Tacking on “IMHO” (in my humble opinion) or a similar phrase won’t protect you. If Susan says, “In my opinion John Jones is a liar,” the reader believes she knows facts proving Jones lied. If she doesn’t also tell the reader those facts, what she said is considered a fact, even if she said it was only her opinion. Sooner or later, she must prove her statement was founded on evidence. Once she does that, they better be correct. If she says, “In my opinion Mayor Jones shows his abysmal ignorance by accepting the teachings of Marx and Lenin,” she’s probably safe if he actually did accept those teachings.
Liles did not protect himself. Most of us don’t. The Internet makes it easy to spout off, so we just type whatever we’re feeling and get it off our chest. That’ll teach ’em!
And as for Dancing Deer Mountain? The appellate court two weeks ago decided that Neumann could go ahead with her case despite freedom of speech, because some things that Liles said were not opinion. Why? Although the court said that “some” of what Liles said was protected opinion, its only example was “The worst wedding experience of my life!” Yep, can’t be proved, so it’s an opinion.
I see other candidates: “there are … great places to get married, this is not that place”; “I was only happy with one thing”; and how in the world can words like “two faced” and “rude” be considered anything but opinion?

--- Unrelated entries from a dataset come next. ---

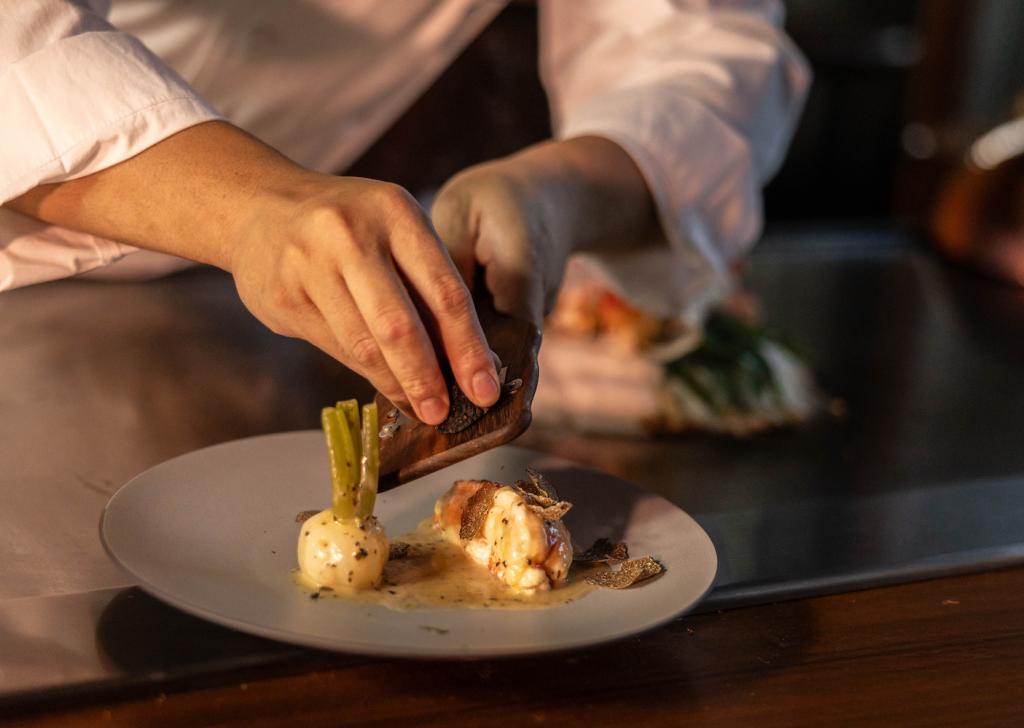 Ukai-tei鐵板燒以食材在冬季的最佳狀態為靈感,從低溫、燻香、快炒到高溫鐵板,展開一段以溫度遞進為核心的料理劇場。主廚特別推薦「煙燻烏骨雞 馬告 茄子」,是以65度低溫熟成烏骨雞,搭配烏龍茶葉煙燻所形成的柔和香氣,佐以帶森林氣息的馬告撒在燉煮茄子上,使第一口便能感受冬天的暖流。「蕪菁黑松露金湯」以雞湯為底,結合蕪菁、黑松露與人蔘、紅棗、枸杞等藥材,以虹吸壺萃取香氣,將冬日的靜謐化為一口溫潤金湯。「鱈場蟹 蕪菁 黑松露」則是以鹽蒸方式呈現鱈場蟹的鮮甜,搭配煮至綿密的蕪菁與黑松露奶油醬,鐵板上以蒜頭、紹興酒與松露碎快炒收味,再刨上新鮮黑松露,堆疊出冬季最奢華的一抹濃度。對追求高雄頂級鐵板燒、紀念日與節慶饗宴的饕客而言,此次的鐵板燒菜單是一場不容錯過的冬日演出。
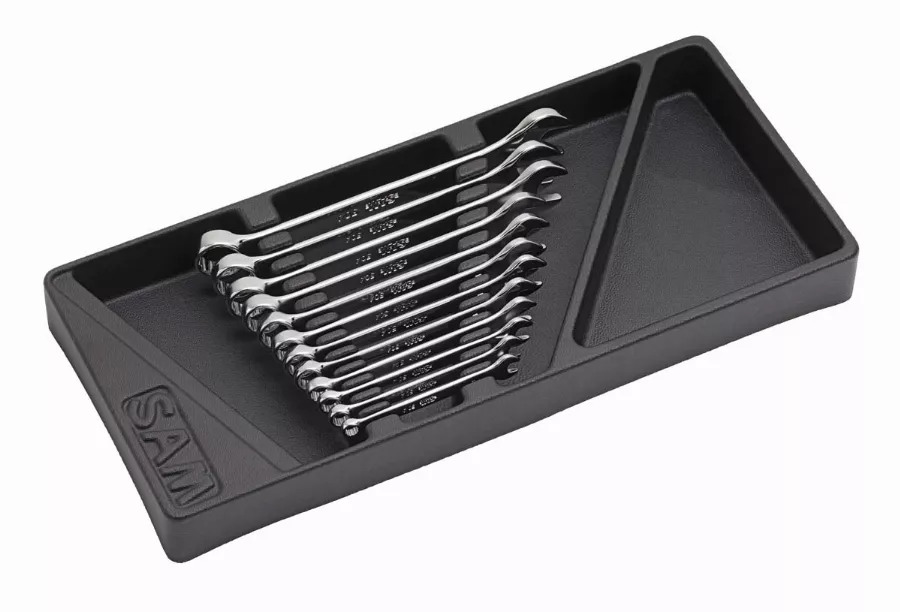 Alliance de 2 têtes de même ouverture, permettant avec la tête à fourche une approche rapide de serrage et un blocage surpuissant avec la tête polygonale dont le coudage à 15° assure une manoeuvre aisée en surface plane.
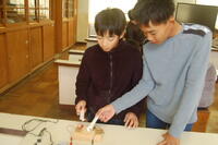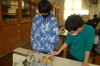 6年生理科「電気と私たちのくらし」の授業の様子です。「電熱線に電流を流すと発熱するだろうか」という課題に対して、実験をしました。電源装置や電熱線などをつなげ、実験装置を組み立てました。組み立てた後、発泡ポリスチレンを近づけても何も起こらなかったのですが、電源装置にスイッチを入れると、発泡ポリスチレンが簡単に切れました。熱の力で簡単に切れることに子どもたちは、驚いていました。
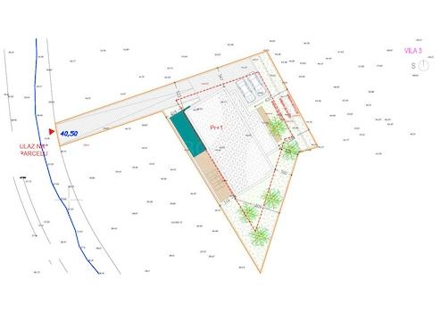 Die Fläche des Baugrundstücks dieser Villa beträgt 613 m2 und die Gesamtnettofläche beträgt 215,01 m2.
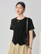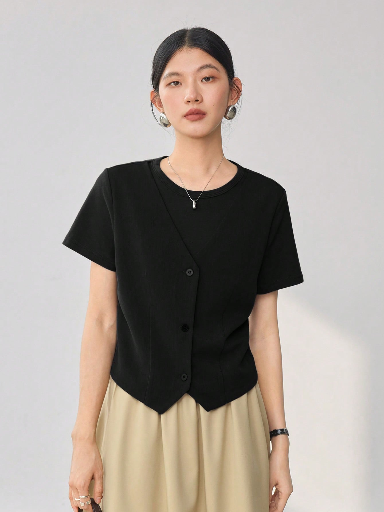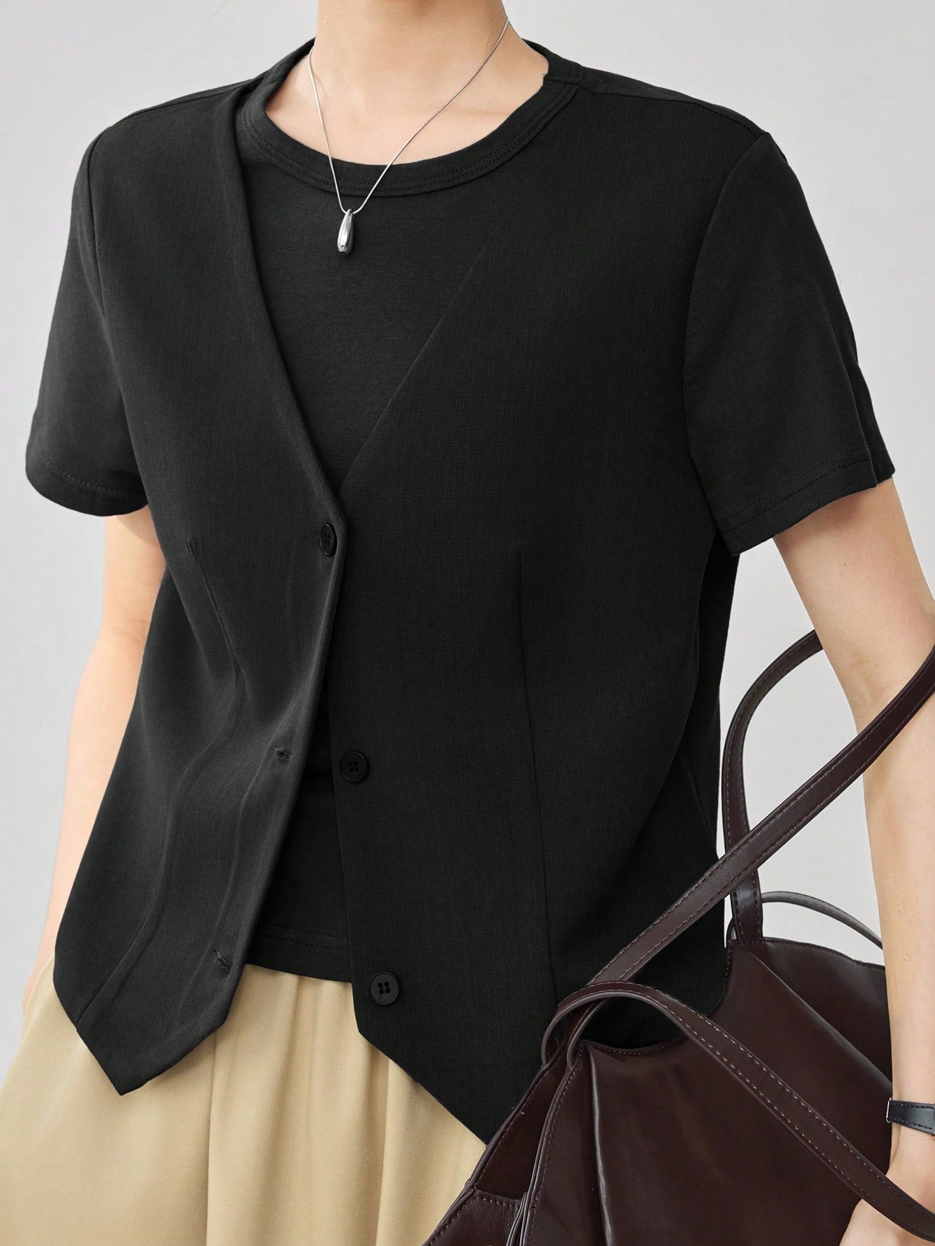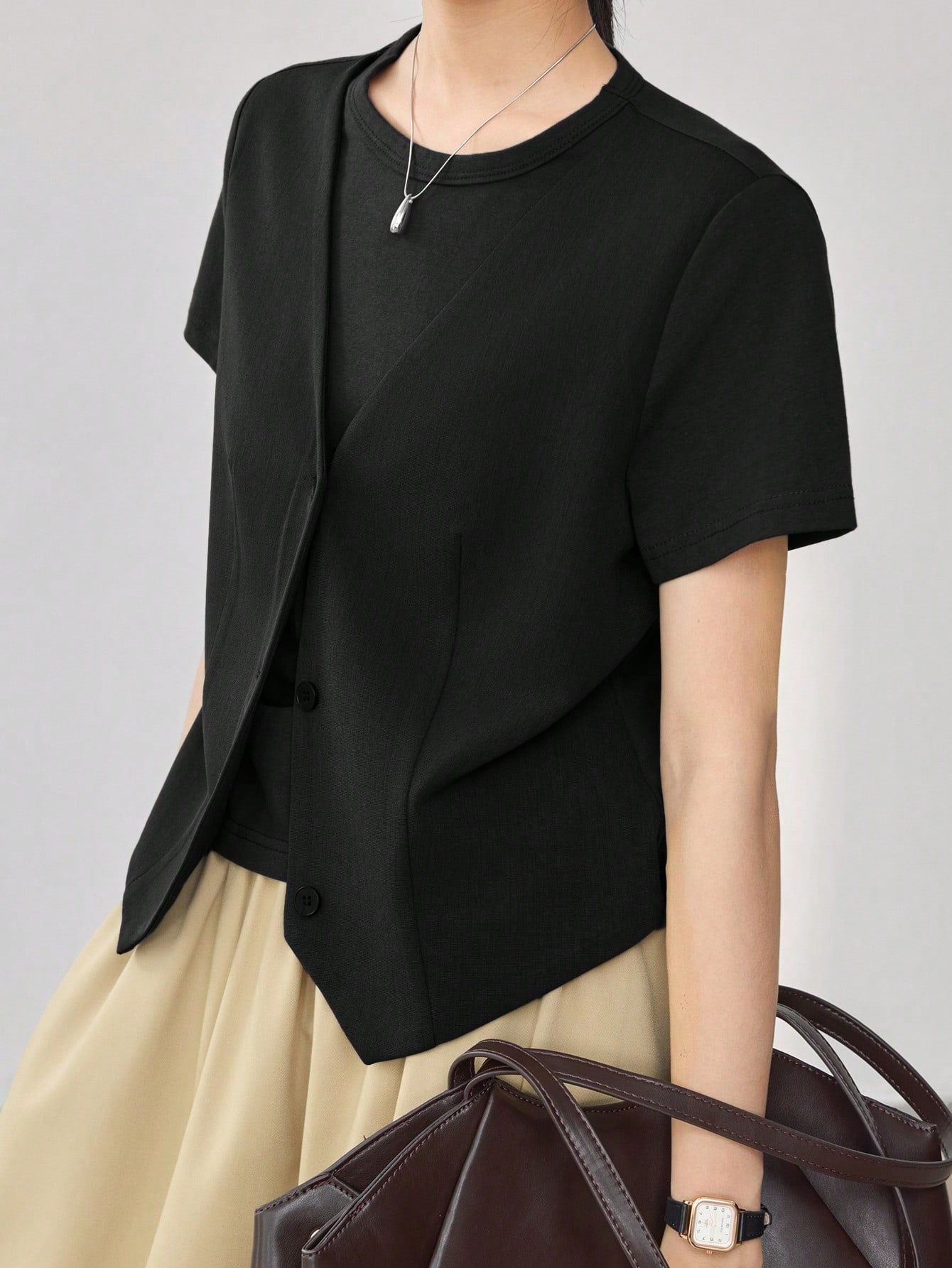 Dazy-Less Women's Summer Business Casual 2 In 1 Vest Splice Short Sleeve T-Shirt,Teacher Outfits
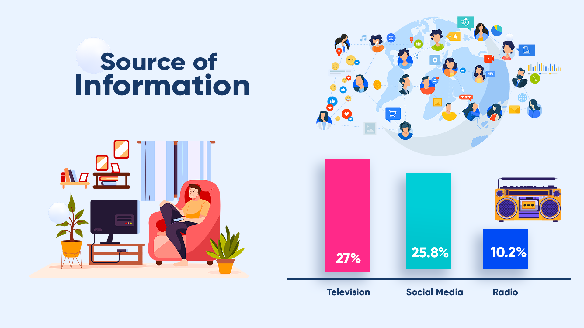 Television is the major source of information for more number of families while it followed by Social media and radio
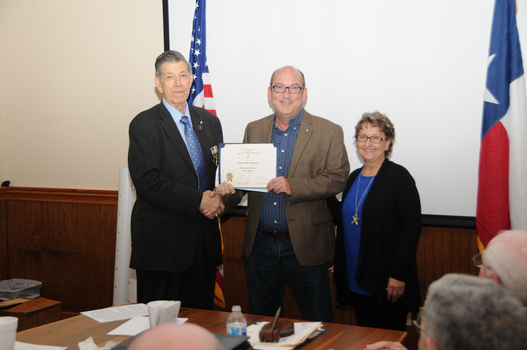 Chapter President Ray Beall presents a Chapter Appreaciation Certificate to THC speaker Bryan McAuley 13 Oct 2018 at the Los Cucos Restuarant, Wharton, TX 13 Oct 2018
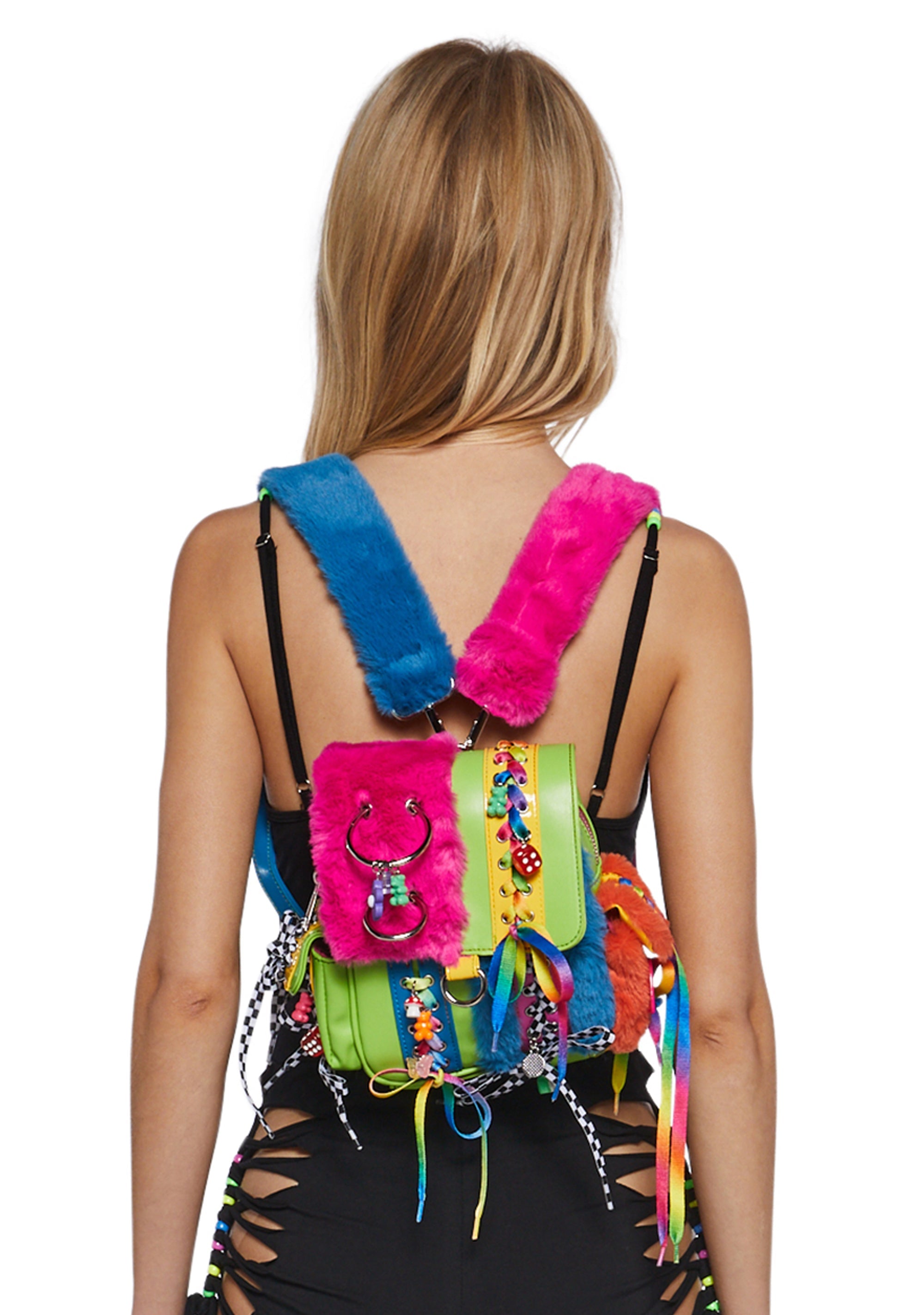 Go on a colossal ride with this mini backpack that has a vegan and faux fur construction, a multicolored pattern, side pockets with snap button closures, and lace up details with various charms like gummy bears, glitter butterflies, and hearts; a top zipper closure, a flap with rainbow ribbon lace-ups and charms, O-ring hardware with daisy and gummy bear charms, and adjustable removable faux fur shoulder straps.

The court said Neumann could go forward on her claims based on the whole post including, these statements: “[t]he owners did not make the rules clear”; “when they saw something they didn’t like they waited until the day of the wedding to bring it up”; “[w]e were told we had to leave at 9pm, but at 8:15 they started telling the guests that they had to leave immediately”; and “[t]he ‘bridal suite’ was a tool shed that was painted pretty, but a shed all the same”).